A dash of flavor, a pinch of pepper, and a spoonful of AI
The secret to great flavor? It might just be AI.
McCormick & Company
“I’ve been at IBM for 20 years and worked on a lot of interesting things,” Richard Goodwin told Industrious from his Yorktown Heights office. “The coolest thing so far is this project.”
A principal researcher with a PhD in artificial intelligence who once worked on a mobile robot project funded by NASA in grad school, today he’s focused on the convergence of AI and creativity in a new arena: flavor.
By his own account, it’s a challenging domain, because the science of how humans experience flavor is not well understood.
Computers can’t taste or smell, but they can work with humans to apply data and insights to flavor creation for food products—which is exactly what Dr. Goodwin and his team have done with global flavor company McCormick.
Dr. Hamed Faridi has served as McCormick & Co.’s Chief Science Officer for more than two decades. He leads a global lab of 500 scientists and developers who work on a broad range of products; clients include both consumers and manufacturers.
A few years back, he was looking for a technology partner.
“When you look at 500 scientists and developers, they have different levels of skill sets and backgrounds,” he said. “One of my first objectives was: what if I could make each of those 500 as good as the best one?”
Dr. Faridi also wanted to tap the collective wisdom of the 500 and make it available to all. Finally, he wanted the process of product development to be faster and better.

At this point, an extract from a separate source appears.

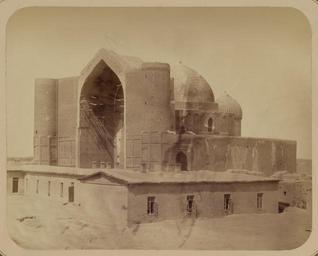 | Keywords: Syr Darya Oblast. City of Turkestan. General View of Sultan Akhmed Yassavi's Mausoleum from the Southern Side. WDL2468.png Artwork ru Сы да ьинская область Го од Ту кестан Общий вид мавзолея Султана Ахмеда Яссави с южной сто оны fr Syr Darya Oblast Ville de Turkestan Vue d'ensemble du mausolée du Sultan Akhmed Yassavi près de la rive sud en Syr Darya Oblast City of Turkestan General View of Sultan Akhmed Yassavi's Mausoleum from the Southern Side zh 锡尔河 区 其斯 市 苏尔 艾哈迈德亚萨维陵墓南侧视角全景图 pt Syr Darya Oblast Cidade do Turquistão Vista geral do Mausoléu do Sultão Akhmed Yassavi do lado sul ar منطقة سير داريا مدينة تركستان منظر عام لضريح السلطان أحمد ياسافي من الجهة الجنوبية ru Эта фотог афия мавзолея Ходжи Ахмеда Ясави в го оде Ту кестан анее Яси д евней столице казахов включена в <i> Ту кестанский альбом </i>один из богатейших источников наглядной инфо мации о культу ных памятниках С едней Азии в том виде как они существовали вXIX веке ноготомное издание было выпущено в 1871-1872 годах под пат онажем Константина П фон Кауфмана гене ала усской а мии кото ый был пе вым гене ал-губе нато ом Ту кестана как назывались в то в емя владения Российской импе ии в С едней Азии Кауфман оставался гене ал-губе нато ом с 1867 по 1886 год и сыг ал значительную оль в деле ук епления домини ующей позиции России в Цент альной Азии С еди главных фотог афов-составителей <i> Ту кестанского альбома </i> Ходжа Ахмед 1103-1066 гг был п ославленным суфистским духовным лиде ом и поэтом кото ый п еподавал в Яси Хотя до сме ти Таме лана в 1405 году ст оительство не было заве шено аботы возобновились в конце XVI века и куполооб азное ст оение сох анилось до нашего в емени как один из лучших п име ов тиму идской а хитекту ы В 2002 году мавзолей был внесен в список Всеми ного наследия Ю ЕСКО <br>Исламская а хитекту а; Ясави Ахмед уме в 1166 г ; Фотог афические исследования; огильные памятники; Г обницы fr Cette photographie du mausolée de Khoja Ahmed Yasawi dans la ville de Turkestan auparavant Yasi ancienne capitale du Kazakhstan provient de l' <i>Album du Turkestan</i> l'une des sources les plus riches d'information visuelle sur les monuments culturels d'Asie centrale au 19ème siècle Cette édition comprenant plusieurs volumes a été réalisée en 1871-72 sous le patronage de P Konstantin von Kaufman général de l'armée russe et premier gouverneur général du Turkestan ainsi que les possessions d'Asie Centrale étaient nommées par l'Empire russe En poste de 1867 à 1886 Kaufman a joué un rôle majeur dans le renforcement des positions russes en Asie centrale Les premiers à avoir travaillé sur la compilation photographique de <i>l'Album du Turkestan</i> furent Aleksandr L Kun 1840-88 un orientaliste appartenant à l'armée et Nikolai V Khoja Ahmed 1103-66 était un célèbre chef spirituel soufi et poète qui a enseigné dans la ville de Yasi En 1389 le grand Tamerlan a ordonné aux grands maîtres persans de construire un immense mausolée sur le site d'inhumation du saint Bien qu'inachevé au moment de la mort du souverain en 1405 les travaux ont repris à la fin du 16ème siècle et la structure en dôme demeure comme l'un des meilleurs exemples de l'architecture Timuride En 2002 le mausolée a été inscrit au Patrimoine mondial de l'UNESCO <br>Architecture islamique; I͡Asavi Akhmed mort en 1166; Inventaires photographiques; Monuments funéraires; Tombes en This photograph of the mausoleum of Khoja Ahmed Yasawi in the city of Turkestan formerly Yasi ancient capital of the Kazakhs is contained in <em>Turkestan Album</em> one of the richest sources of visual information on the cultural monuments of Central Asia as they appeared in the 19th century The multi-volume edition was produced in 1871-72 under the patronage of Konstantin P von Kaufman a Russian army general and the first governor-general of Turkestan as the Russian empire's Central Asian holdings were called Kaufman held that position from 1867 to 1886 during which time he played a major role in establishing Russia's dominant position in Central Asia The primary photographic compilers for the <em>Turkestan Album</em> were Aleksandr L Kun 1840-88 an orientalist attached to the army and Nikolai V Bogaevskii 1843-1912 a military engineer Khoja Ahmed 1103-66 was a renowned Sufi spiritual leader and poet who taught in the city of Yasi In 1389 the great Tamerlane commissioned Persian masters to build a vast mausoleum over the saint's burial site Although uncompleted at the time of the ruler's death in 1405 work resumed in the late 16th century and the domed structure has survived as one of the best examples of Timurid architecture In 2002 the mausoleum was designated a UNESCO World Heritage Site <br>Islamic architecture; I͡Asavi Akhmed died 1166; Photographic surveys; Sepulchral monuments; Tombs zh 这张照片是位于突厥斯 市(前亚

IBM and McCormick’s collaboration was officially announced this February. Combining IBM Research’s AI expertise with McCormick’s deep sensory science and taste data (including decades of past product formulas and millions of data points on consumer taste preferences and palettes), its first AI-enabled platform “ONE” launches later this year.
“Creating food products is much more challenging than just creating a recipe at home,” Goodwin said. Amounts need to be exact, as do the ingredients.
More than 400 types of garlic exist, he explained, and every kind of variation—from country of origin to powdered grain size—can make a difference. Finding the right one can be a challenge.
“You may want multiple garlics,” he said. “One for taste, one for appearance. Maybe even different sizes. One type may hit your tongue quickly, another will give you the back flavor. It’s a very complex task.”
Flavorists and product developers have created hundreds of thousands of formulas across the decades. For a human to read through them all is a near impossibility—but not for a computer. That’s where AI comes in, searching for patterns that led to previous flavor success, and suggesting different flavor combinations that a human may not.
“People have their own style,” Goodwin said. “What they’ve been successful with in the past tends to be what they lean on in the future.”
Computers don’t have that same bias.
“If I’m a developer, I may already have a favorite flavor,” Faridi said. “If I’m developing a pizza seasoning, I’m thinking Italian, Mediterranean flavors. I wouldn’t think about adding cumin.”
But the system just might, proposing pairings a human may not because of past experiences. “The system makes a proposal and sometimes it doesn’t work. But sometimes it does.”
And since the system is a learning machine, it incorporates feedback from developers into its next proposals.
We learn five things from the system data, according to Goodwin: pairings of flavors; functional substitutes; a definition of what it means to be a particular product (barbecue sauce vs. marinade); flavor space (a sweet dessert shouldn’t get a yellow onion); and how to predict success based on various factors.
Speed, too, is of the essence, and where the technology can help. A significant portion of product development in the flavor solution world is responding to competitive requests. Being first to respond with an innovative product or flavor is a strong competitive advantage, Goodwin said.
“One of the challenges people at my level have is how to help companies develop products that have greater staying power in the market,” Faridi said. Some products may stick around for just a few years, while others—like Oreos, introduced in 1912—have obvious staying power.
“Finding the next Oreo can be like finding a needle in a haystack,” Faridi says. “Finding a formula with very broad appeal is a challenge.”
He hopes this new platform can help his team discover new icons.
“We want to be at the forefront of flavor,” Faridi said, which is especially important in today’s highly segmented and varied market. Plus, younger generations want to experiment, he’s found. That, combined with e-commerce, is another great fit for the new platform.
“We can rapidly screen the data, analyze it, and give new suggestions,” he said. He’s excited for the future possibilities, too: “We’ll be in the discovery phase for several years. And what we’re seeing today is just the beginning.”